I can attest to that...the Boiled Linseed Oil and melted Bees Wax look a beautiful golden color when first applied, but after about a year starts getting black...not pretty...but what to use that's looks nice, weathers well, and is not harmful to bees crawling all over it?


----------



## BeeCurious (Aug 7, 2007)

Sealing the exposed end grain will help to prevent moisture from entering the joints.

I smear Titebond III over the exposed end grain of all of my assemblies. I also apply a bead/fillet of glue along all inside corners. It may seem excessive but when the joints are nearly impermeable to moisture it helps... 

I don't have TBH's but I have been a yacht refinisher/foreman.
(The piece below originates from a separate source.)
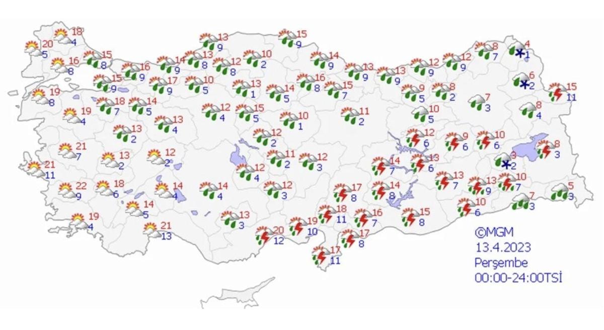 Meteoroloji Genel Müdürlüğü, günlük hava tahmin raporunu yayınladı.

A sound, stable surface is easier to beautify and protect.


----------



## rhaldridge (Dec 17, 2012)

I painted these long hives, but I felt I needed to, because they are plywood with solid timber stringers (background in boatbuilding too.)









I'm hoping the covers of galvanized roofing will keep rain off completely, but this is a humid climate here along the Gulf.
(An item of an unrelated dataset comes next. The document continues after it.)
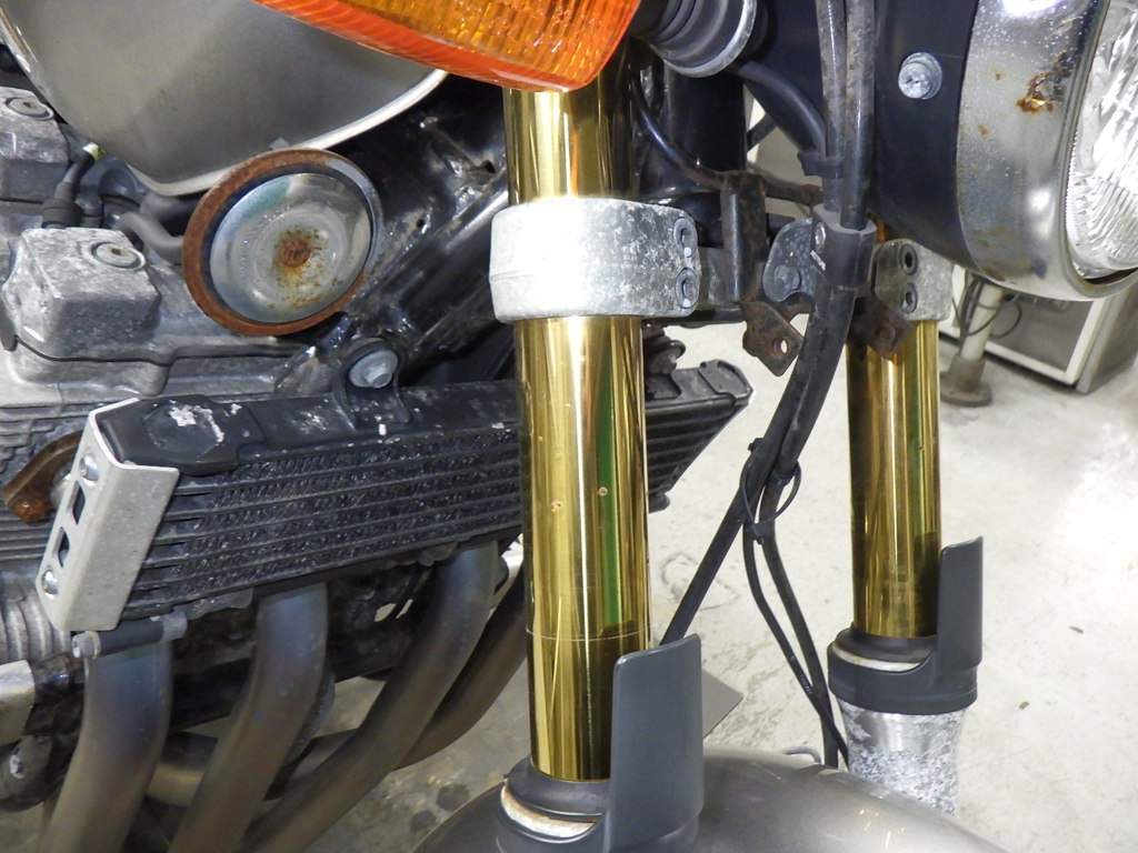 | внешняя часть вилки | следы коррозии <много>, потек масла, неисправен сальник |

I'd hoped to avoid painting my Langstroth hives, because they are made of cypress, but I've learned that modern cypress is not as resistant to deterioration as the cypress that used to be available, so I painted them too. I used Behr exterior primer and exterior satin enamel, thinking that maybe the smoother surface would be more resistant to mildew.


----------



## Intheswamp (Jul 5, 2011)

rhaldridge, go ahead and paint them...better now than when they're growing mold and mildrew. 
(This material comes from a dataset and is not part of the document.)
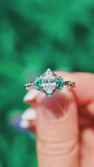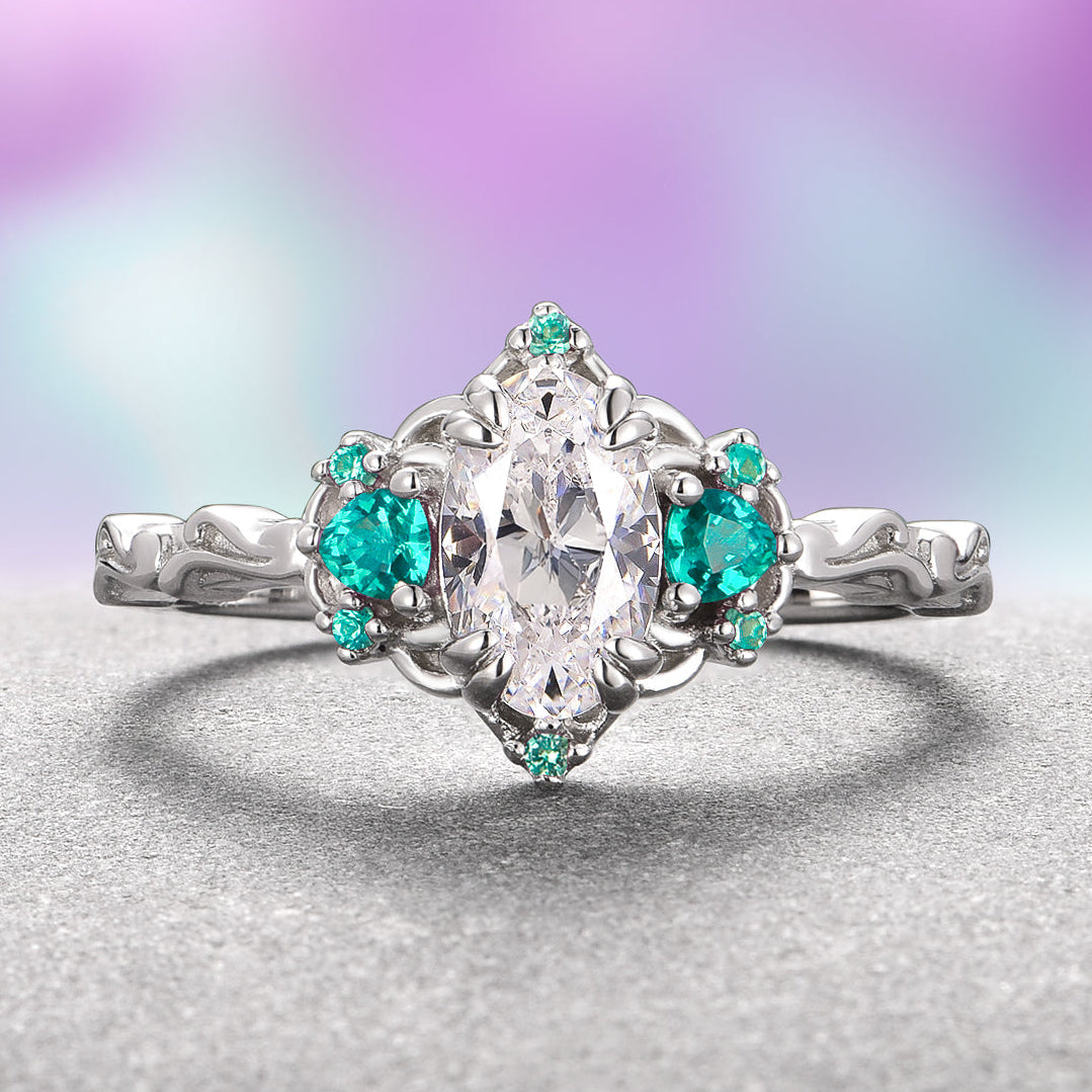 ►The lab-grown diamond offers exceptional brilliance and ethical craftsmanship, symbolizing purity, strength, and enduring love. Complementing it, the vivid green Paraiba tourmaline accents bring a striking touch, cherished for their symbolism of energy, transformation, and inspiration. This enchanting design is ideal for lovers of fantasy-inspired jewelry, fairycore engagement rings, and distinctive gemstone jewelry. Whether chosen as a unique engagement ring, promise ring, or special gift, the Esme Ring infuses every love story with luminous beauty and magical charm.

My woodenware is from Rossman (cypess) but it's not old growth stuff. I've got one or two boxes that I had to use before painting...they're not aging very gracefully.

ed


----------



## Benthic (May 1, 2011)

After reading this thread, and the threads linkined in post 3, I'm beginning to rethink the finish on my hive. I have cypress woodenware, and the only finish I put on is boiled linseed oil (no wax or turpentine). I just wiped it on with a cloth. They looked great at first. But now they've been in service for about a year and are beginning to show mildew.

I bought some additional boxes recently, and finished them the same way. They haven't gone on the hives yet, so they still look nice. I'm thinking I'll sand them and try again with an exterior stain or paint. Then I can rotate them in, and refinish the original boxes.

Brian


----------



## throrope (Dec 18, 2008)

IMHO painting cypress provides the keeping with better appearance, but doesn't do anything for the bees. I have both pine and cypress and only used deck sealant. Yes, they're getting a little dark, but all still solid after a near a decade.

Plywood is another story. Without a finish, kiss it goodbye.

Paint or no paint, sheet metal on top is the only thing that lasted for me.

I also doubt the color makes any meaningful difference with hive temperature. They'll fan if its hot and cluster if not.

For me its about advertising. Everyone will know what bright white boxes are. Not many will see natural wood and less will know what they are.


----------



## rhaldridge (Dec 17, 2012)

Intheswamp said:


> rhaldridge, go ahead and paint them...better now than when they're growing mold and mildrew.
> 
> My woodenware is from Rossman (cypess) but it's not old growth stuff. I've got one or two boxes that I had to use before painting...they're not aging very gracefully.
> 
> ed


Mine are from Rossman too. I painted them.

Ray


----------



## Oldtimer (Jul 4, 2010)

For langstroths in my climate, unpainted lasts less than 1/2 as long as painted. What I do is paint inside the joints before assembly, then after assembly paint the outside. The bees do the inside with their own stuff. A couple coats of a good quality paint is cheap in the long run, both in materials, and labor. Plus after a couple of years in the weather unpainted can look downright ugly.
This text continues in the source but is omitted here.